About this task - Lines from the one with "トヨタグループ館の中は、ロボ" up to and including the one with "对比鲜明,栩栩如生。母马和子" are to be copied exactly from the records below, without their pictures.

-=-=-

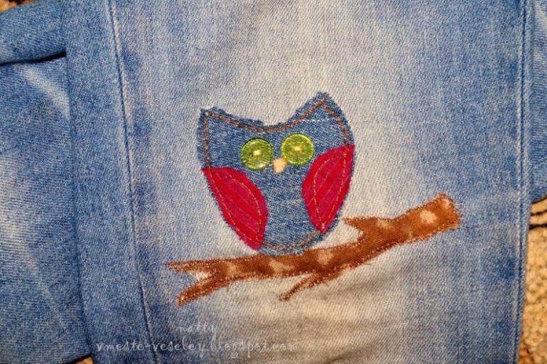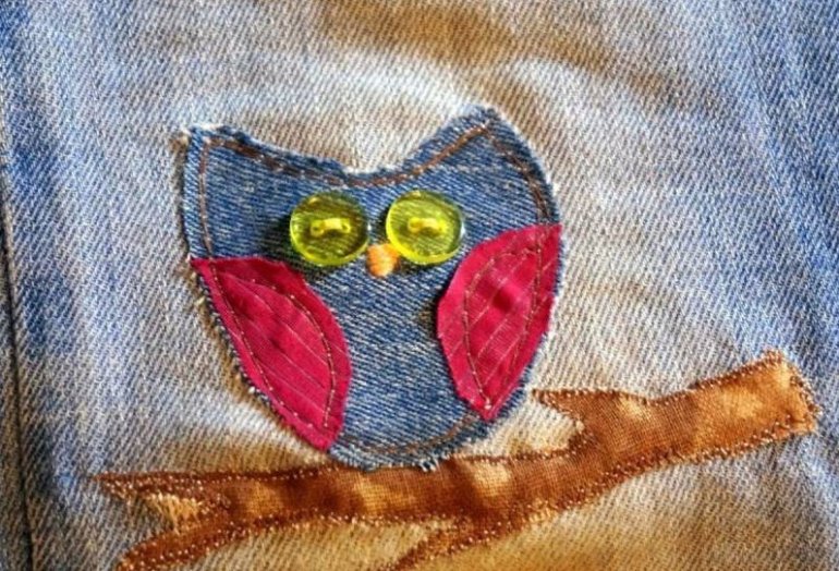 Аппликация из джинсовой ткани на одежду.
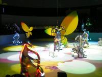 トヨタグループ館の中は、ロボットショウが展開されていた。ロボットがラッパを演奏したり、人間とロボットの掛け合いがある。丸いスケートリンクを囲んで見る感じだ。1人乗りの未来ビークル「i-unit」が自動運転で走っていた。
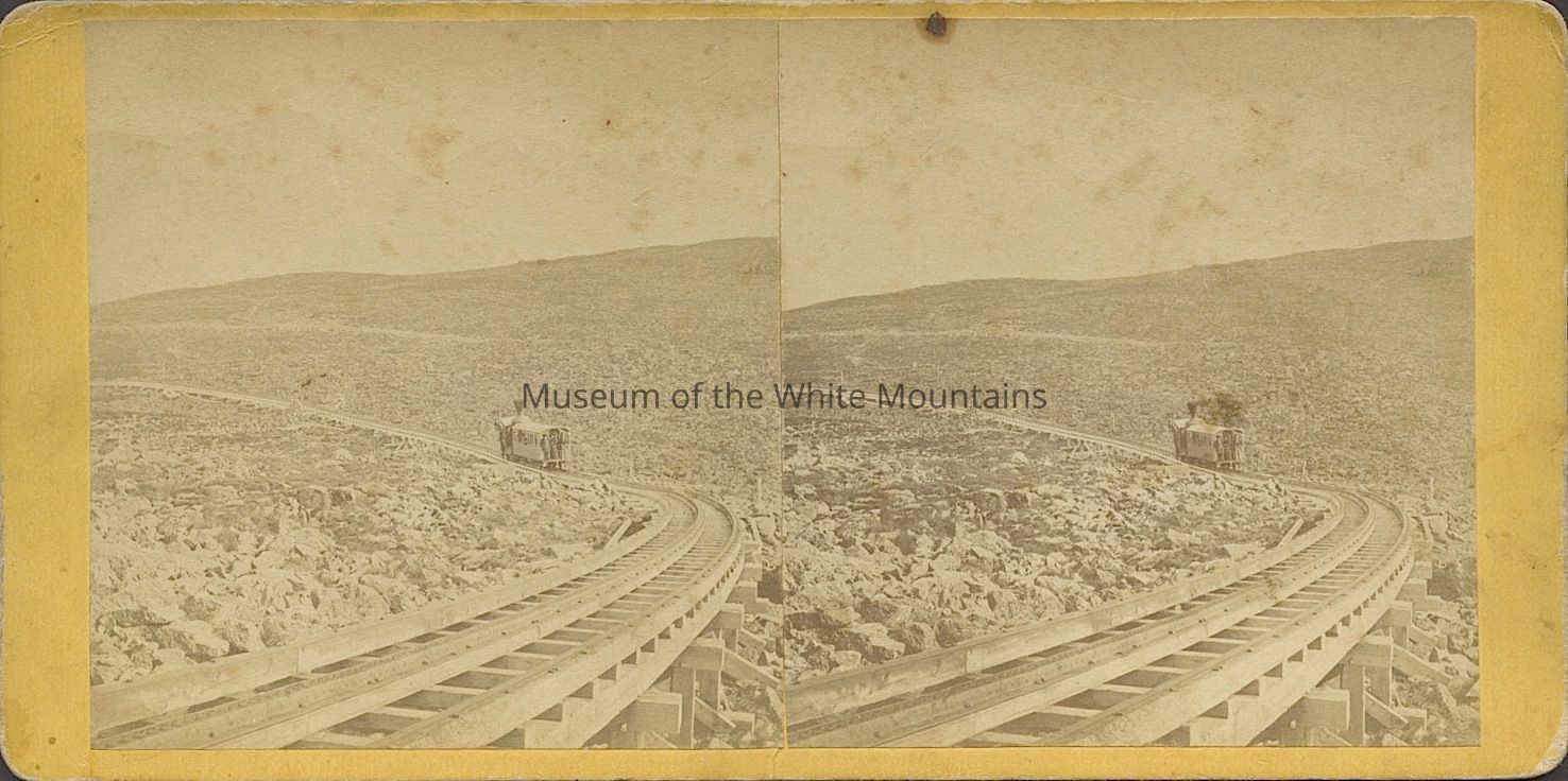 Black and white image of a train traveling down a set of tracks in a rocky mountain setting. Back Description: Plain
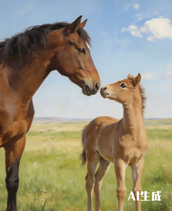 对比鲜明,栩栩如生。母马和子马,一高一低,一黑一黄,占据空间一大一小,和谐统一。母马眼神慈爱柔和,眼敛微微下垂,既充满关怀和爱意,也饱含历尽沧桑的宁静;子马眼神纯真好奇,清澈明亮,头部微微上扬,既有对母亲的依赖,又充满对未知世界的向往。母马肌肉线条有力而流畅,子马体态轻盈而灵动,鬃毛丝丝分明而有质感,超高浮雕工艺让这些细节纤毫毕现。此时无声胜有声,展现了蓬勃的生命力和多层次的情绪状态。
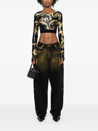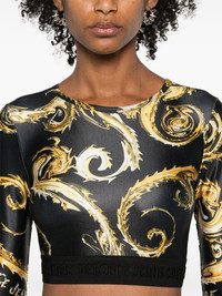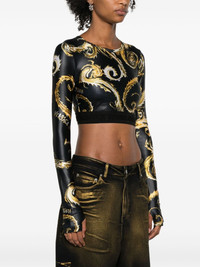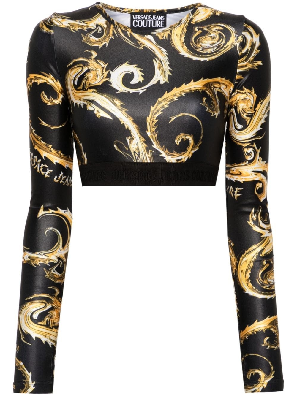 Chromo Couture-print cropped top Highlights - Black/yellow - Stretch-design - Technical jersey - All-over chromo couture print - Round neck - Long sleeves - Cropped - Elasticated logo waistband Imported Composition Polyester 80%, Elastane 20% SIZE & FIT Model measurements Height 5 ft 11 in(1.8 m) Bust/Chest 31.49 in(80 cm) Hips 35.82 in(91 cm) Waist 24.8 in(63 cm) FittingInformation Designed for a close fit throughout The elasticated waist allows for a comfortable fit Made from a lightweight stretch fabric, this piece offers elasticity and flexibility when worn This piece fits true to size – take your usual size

-=-=-

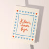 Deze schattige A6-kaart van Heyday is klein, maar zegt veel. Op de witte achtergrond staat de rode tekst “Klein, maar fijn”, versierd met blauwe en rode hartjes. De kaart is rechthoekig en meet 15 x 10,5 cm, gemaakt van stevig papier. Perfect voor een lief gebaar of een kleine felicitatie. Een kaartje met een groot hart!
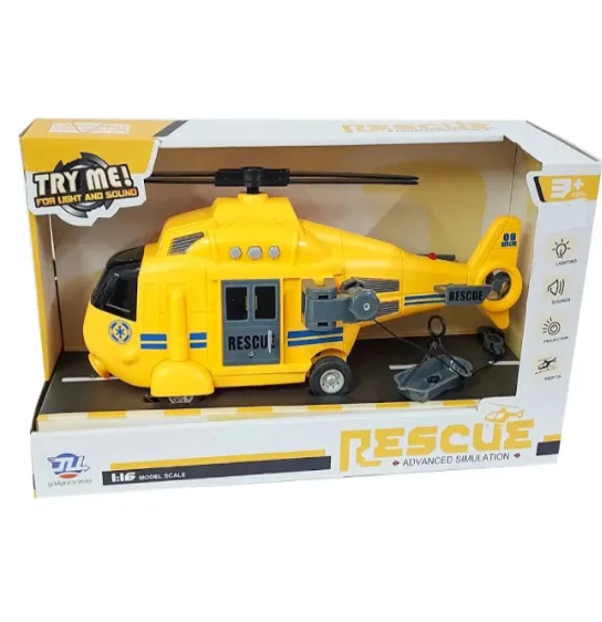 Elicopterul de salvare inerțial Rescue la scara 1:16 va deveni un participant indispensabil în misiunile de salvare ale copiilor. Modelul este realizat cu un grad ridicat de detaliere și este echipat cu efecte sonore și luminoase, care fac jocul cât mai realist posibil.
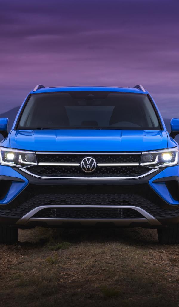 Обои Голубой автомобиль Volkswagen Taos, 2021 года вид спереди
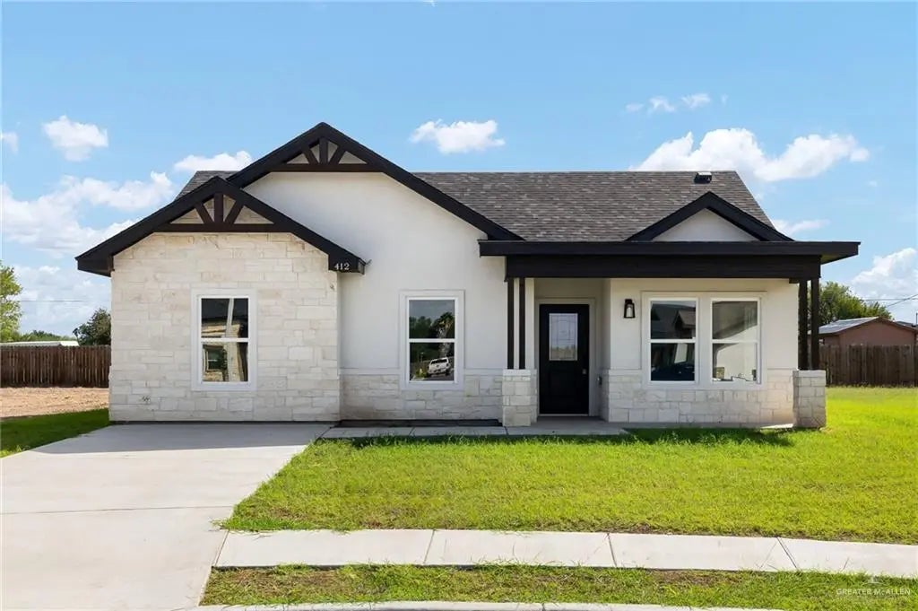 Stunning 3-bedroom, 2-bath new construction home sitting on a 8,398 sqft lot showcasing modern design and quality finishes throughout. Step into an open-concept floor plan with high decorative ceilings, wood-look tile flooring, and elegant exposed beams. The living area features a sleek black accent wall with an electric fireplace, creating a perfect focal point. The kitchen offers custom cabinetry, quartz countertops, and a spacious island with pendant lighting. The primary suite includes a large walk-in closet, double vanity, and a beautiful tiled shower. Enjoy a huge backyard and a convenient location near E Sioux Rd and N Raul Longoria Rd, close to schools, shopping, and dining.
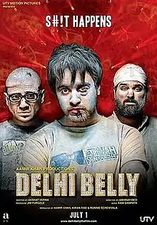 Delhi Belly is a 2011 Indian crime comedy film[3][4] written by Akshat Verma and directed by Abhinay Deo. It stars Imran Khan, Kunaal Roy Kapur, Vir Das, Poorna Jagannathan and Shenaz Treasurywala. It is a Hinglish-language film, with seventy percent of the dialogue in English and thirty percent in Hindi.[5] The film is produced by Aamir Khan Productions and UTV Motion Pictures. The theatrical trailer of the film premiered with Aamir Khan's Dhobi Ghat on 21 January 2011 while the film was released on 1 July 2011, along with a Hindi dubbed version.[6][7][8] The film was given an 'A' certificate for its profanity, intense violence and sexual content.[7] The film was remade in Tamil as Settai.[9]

-=-=-

Written answer -
 トヨタグループ館の中は、ロボットショウが展開されていた。ロボットがラッパを演奏したり、人間とロボットの掛け合いがある。丸いスケートリンクを囲んで見る感じだ。1人乗りの未来ビークル「i-unit」が自動運転で走っていた。
 Black and white image of a train traveling down a set of tracks in a rocky mountain setting. Back Description: Plain
 对比鲜明,栩栩如生。母马和子马,一高一低,一黑一黄,占据空间一大一小,和谐统一。母马眼神慈爱柔和,眼敛微微下垂,既充满关怀和爱意,也饱含历尽沧桑的宁静;子马眼神纯真好奇,清澈明亮,头部微微上扬,既有对母亲的依赖,又充满对未知世界的向往。母马肌肉线条有力而流畅,子马体态轻盈而灵动,鬃毛丝丝分明而有质感,超高浮雕工艺让这些细节纤毫毕现。此时无声胜有声,展现了蓬勃的生命力和多层次的情绪状态。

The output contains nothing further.